WORK ORDER: From the line containing "最新!成都汽车销量榜:比亚迪" through the last line of the entries, output the text exactly. Pictures stay out.

[Collected data entries]
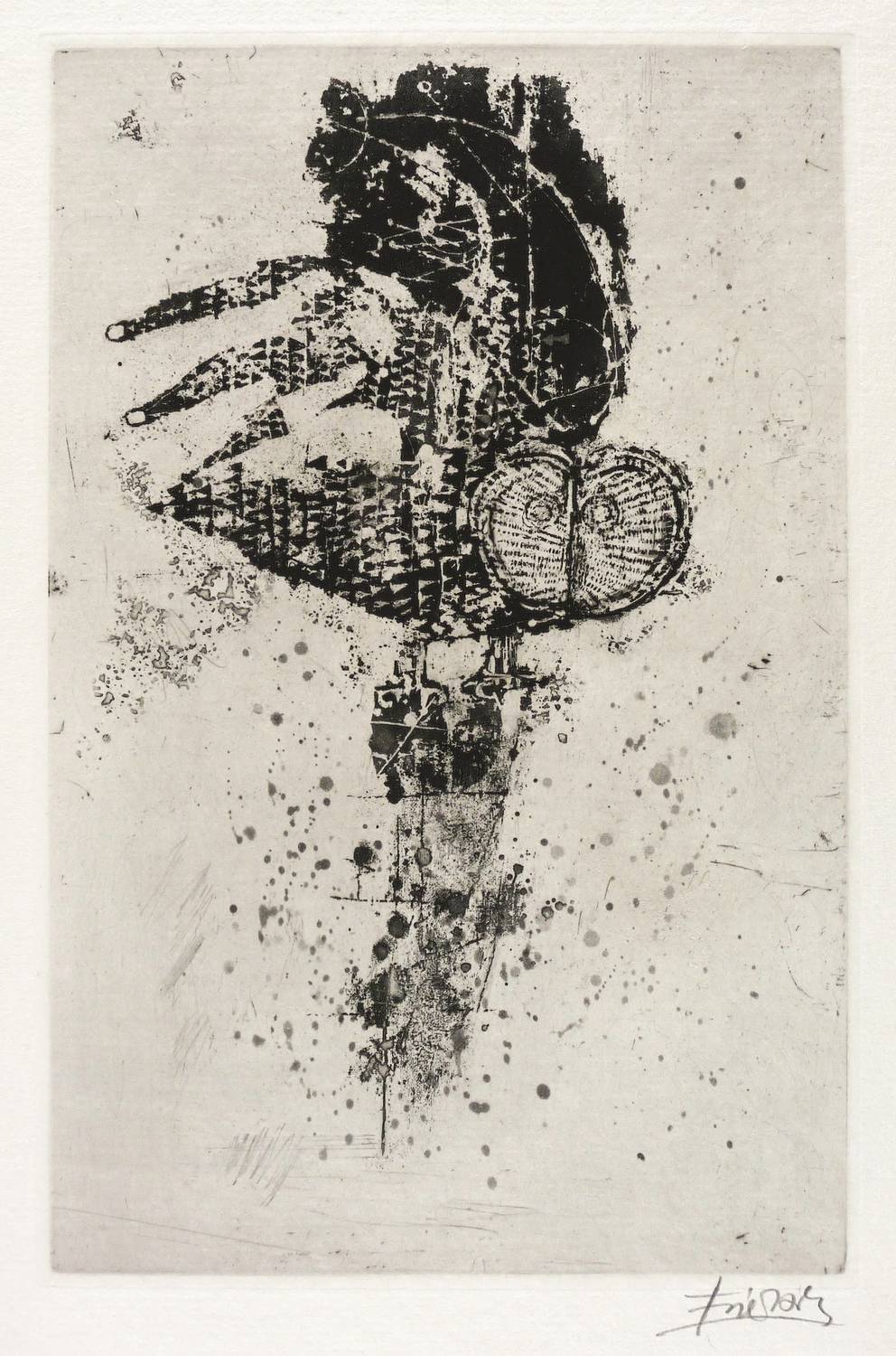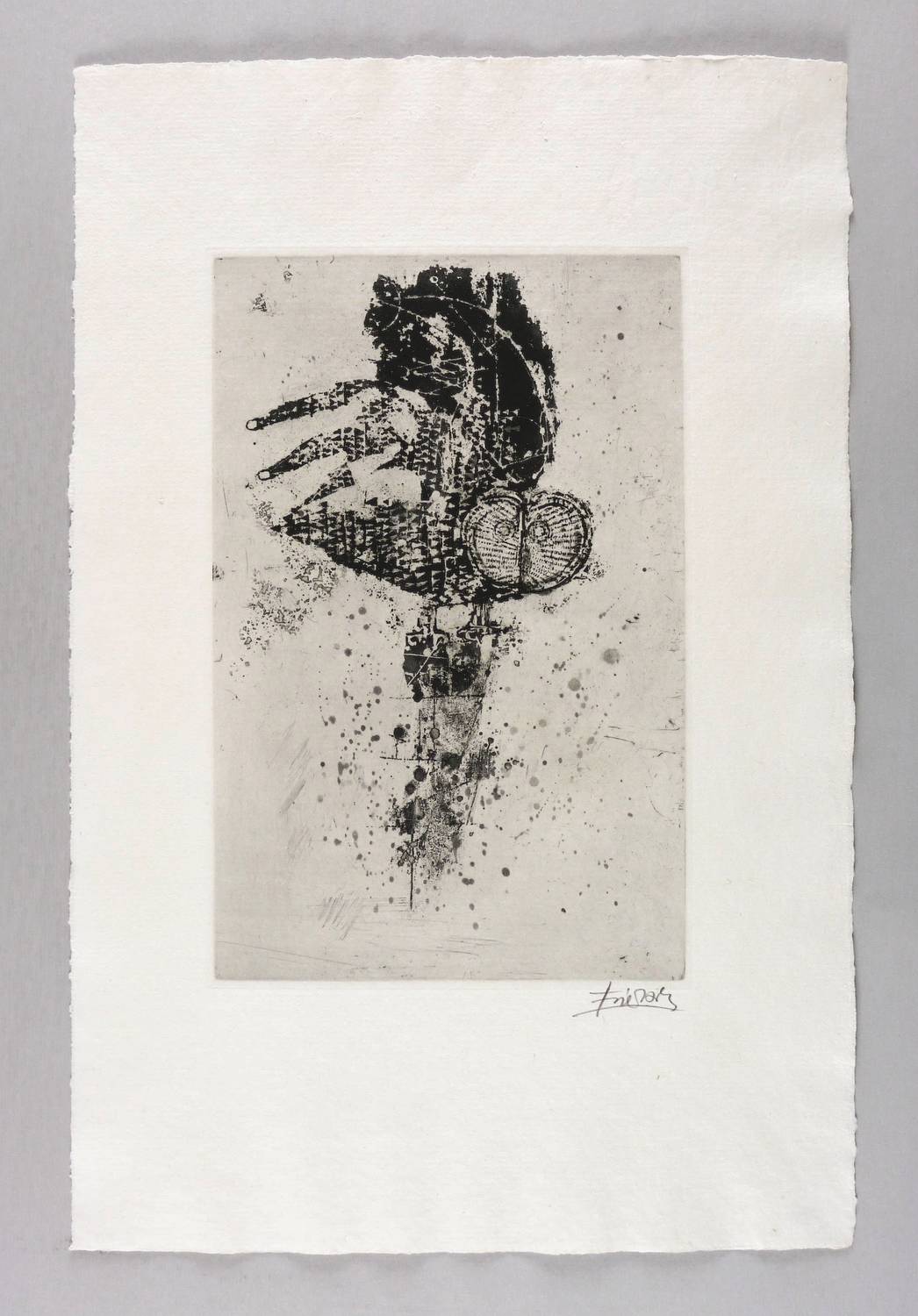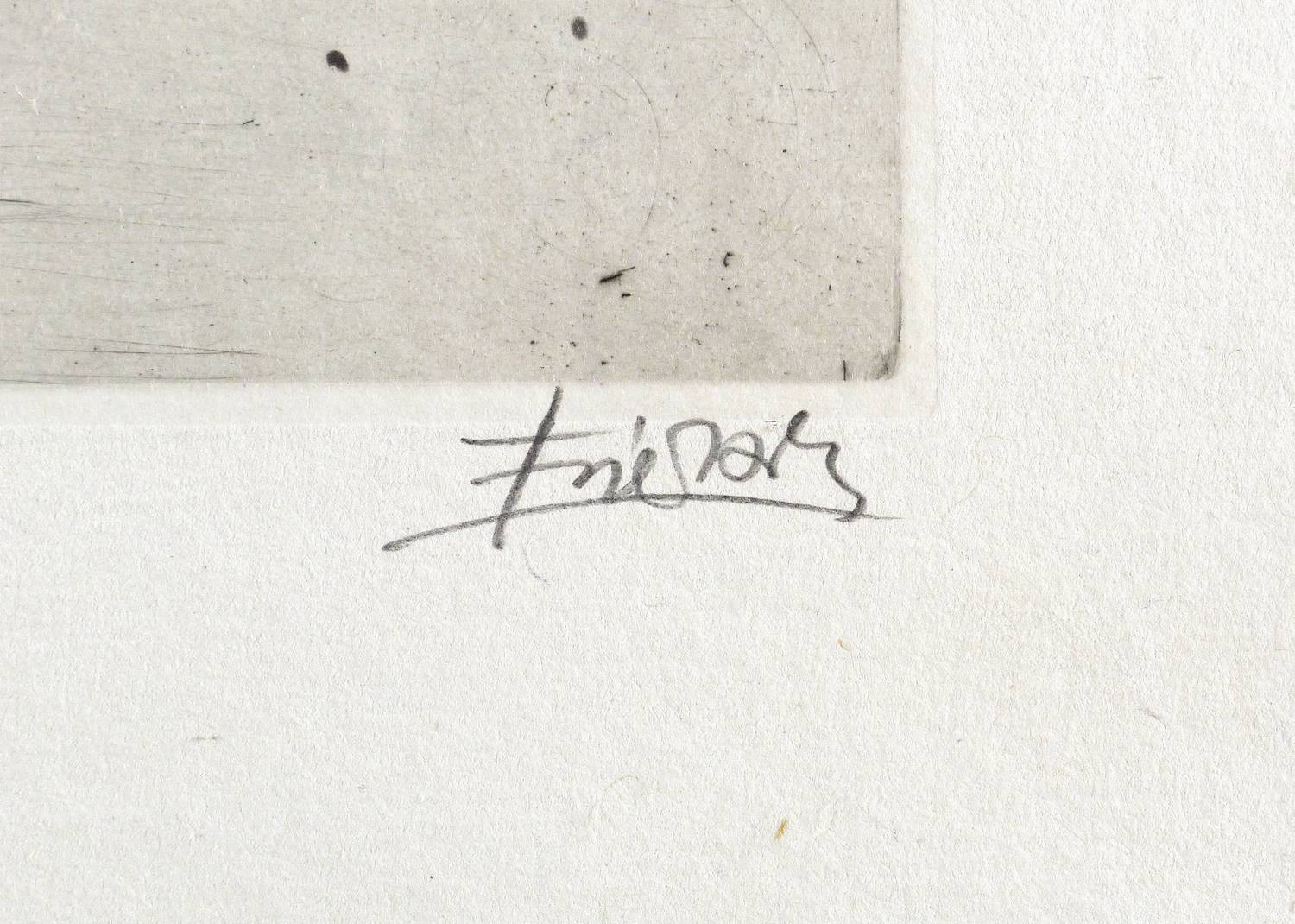 1963. Radierung / Aquatinta, in Schwarz, auf rauem hellchamois Auvergne. – Originale Künstlergrafik, von Johnny Friedländer. – Auflage 60 Exemplare. – 31,0 x 20,1 cm (Darstellung / Druckbild), 51 x 34 cm (Blatt), 31,8 x 20,7 cm (Platte).
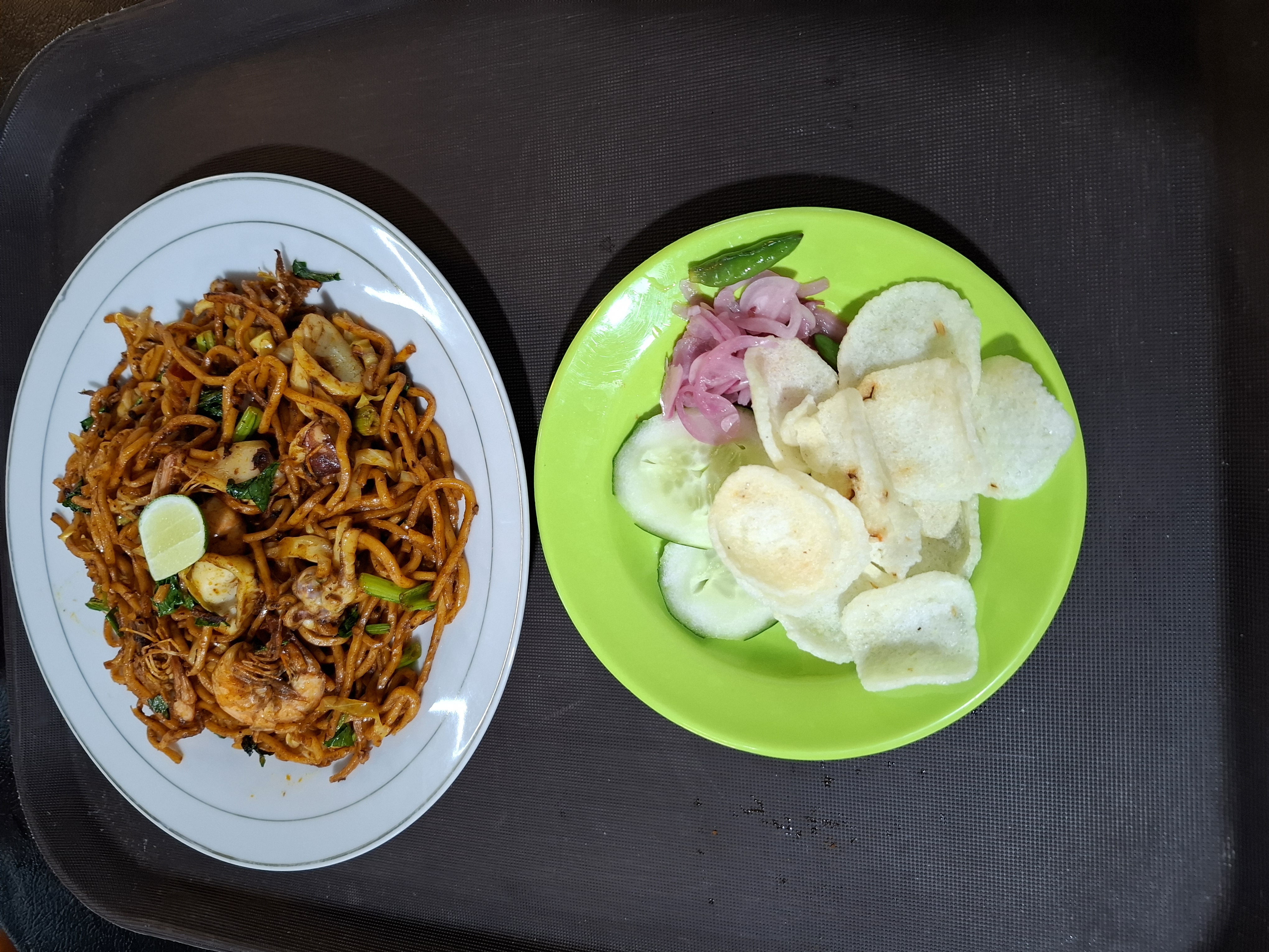 Mie siap untuk dihidangkan dengan tambahan bawang acar, timun dan kerupuk. Tidak lupa ada jeruk nipis yang menancap diatasnya.
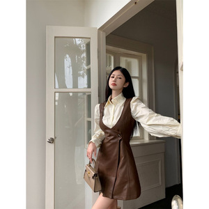 法式复古英伦风两件套2025秋季新款时尚百搭衬衫上衣背心裙连衣裙
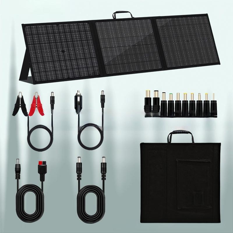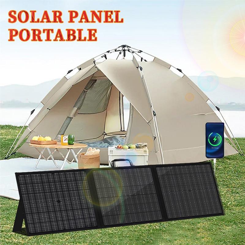 De draagbare zonnepaneellader van 100W is ontworpen voor outdooravonturen, reizen en noodstroomvoorziening. Hij is gebouwd met zeer efficiënte monokristallijne siliciumzonnecellen en levert betrouwbare zonne-energie, terwijl hij lichtgewicht en gemakkelijk te vervoeren blijft. Dankzij het driedubbele ontwerp kan het paneel worden uitgeklapt tot een groot oplaadoppervlak en compact worden opgevouwen voor opslag. Met meerdere uitgangsinterfaces, waaronder USB, USB-C en DC, ondersteunt het het opladen van smartphones, tablets, camera's, drones en draagbare energiecentrales. De IP65 water- en stofdichte constructie zorgt voor betrouwbare prestaties in wisselende buitenomstandigheden.
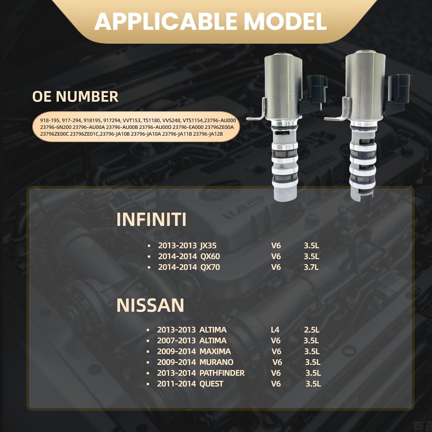 My rebuild of my Maxima continues and I chose these engine VVT Solenoids to replace the factory ones. I had researched replacing these for a while, and had also looked into getting ones from Nissan, and when I heard the price I almost changed my mind, but then I saw these and figured, why not. So far, I am happy with my choice and very satisfied with the performance. Even if there was zero change in performance, I was still thrilled as they are new parts. I highly recommend getting a professional mechanic to install these but if you are experienced in the repair, than these make a great replacement part. Unbeatable Value, 5 Stars!
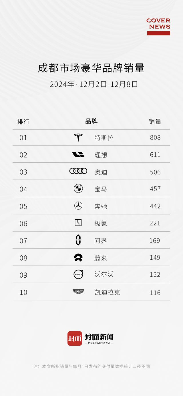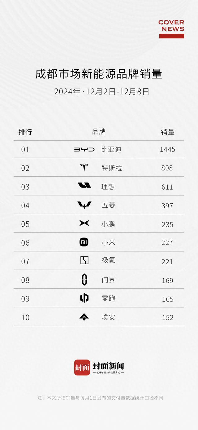 最新!成都汽车销量榜:比亚迪、特斯拉、理想断层领先,凯迪拉克挤掉雷克萨斯进入前十
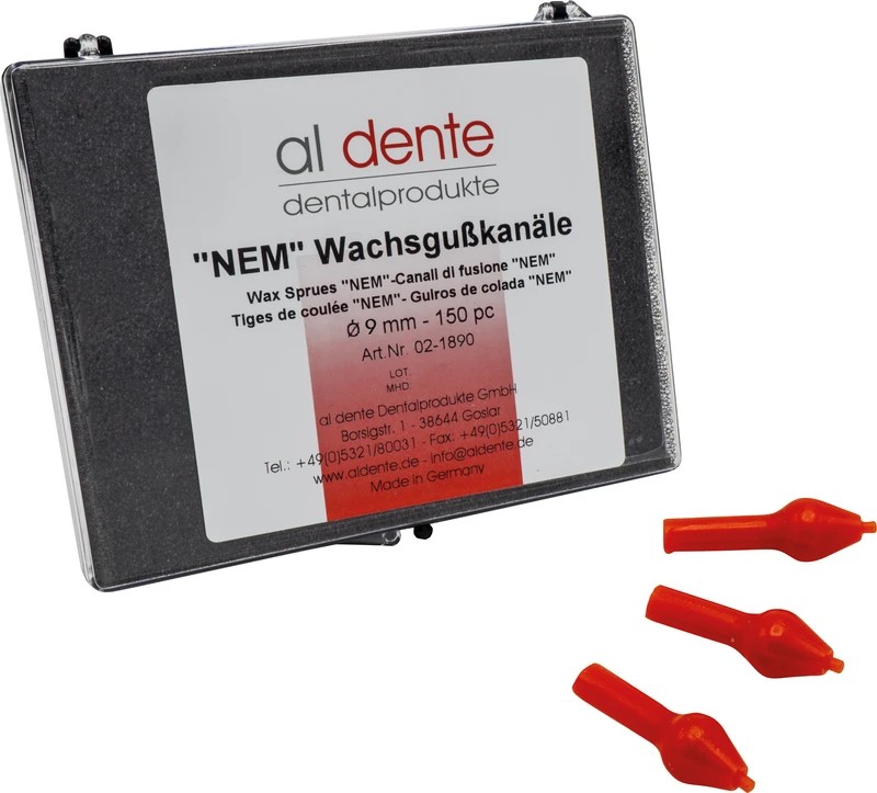 Strömungsgünstigste Form des Gusskanals. Das Ergebnis ist ein homogeneres Gussgefüge ohne Lunker. al dente Guss-Sticks EM mit Kopfdurchmesser 678 mm für Edelmetalllegierungen. al dente Guss-Sticks NEM mit Kopfdurchmesser 789 mm und vergrößertem Kanalquerschnitt speziell für Vakuumdruckguss sowie edelmetallreduzierte und NEM Legierungen.

THE ANSWER:
 最新!成都汽车销量榜:比亚迪、特斯拉、理想断层领先,凯迪拉克挤掉雷克萨斯进入前十
 Strömungsgünstigste Form des Gusskanals. Das Ergebnis ist ein homogeneres Gussgefüge ohne Lunker. al dente Guss-Sticks EM mit Kopfdurchmesser 678 mm für Edelmetalllegierungen. al dente Guss-Sticks NEM mit Kopfdurchmesser 789 mm und vergrößertem Kanalquerschnitt speziell für Vakuumdruckguss sowie edelmetallreduzierte und NEM Legierungen.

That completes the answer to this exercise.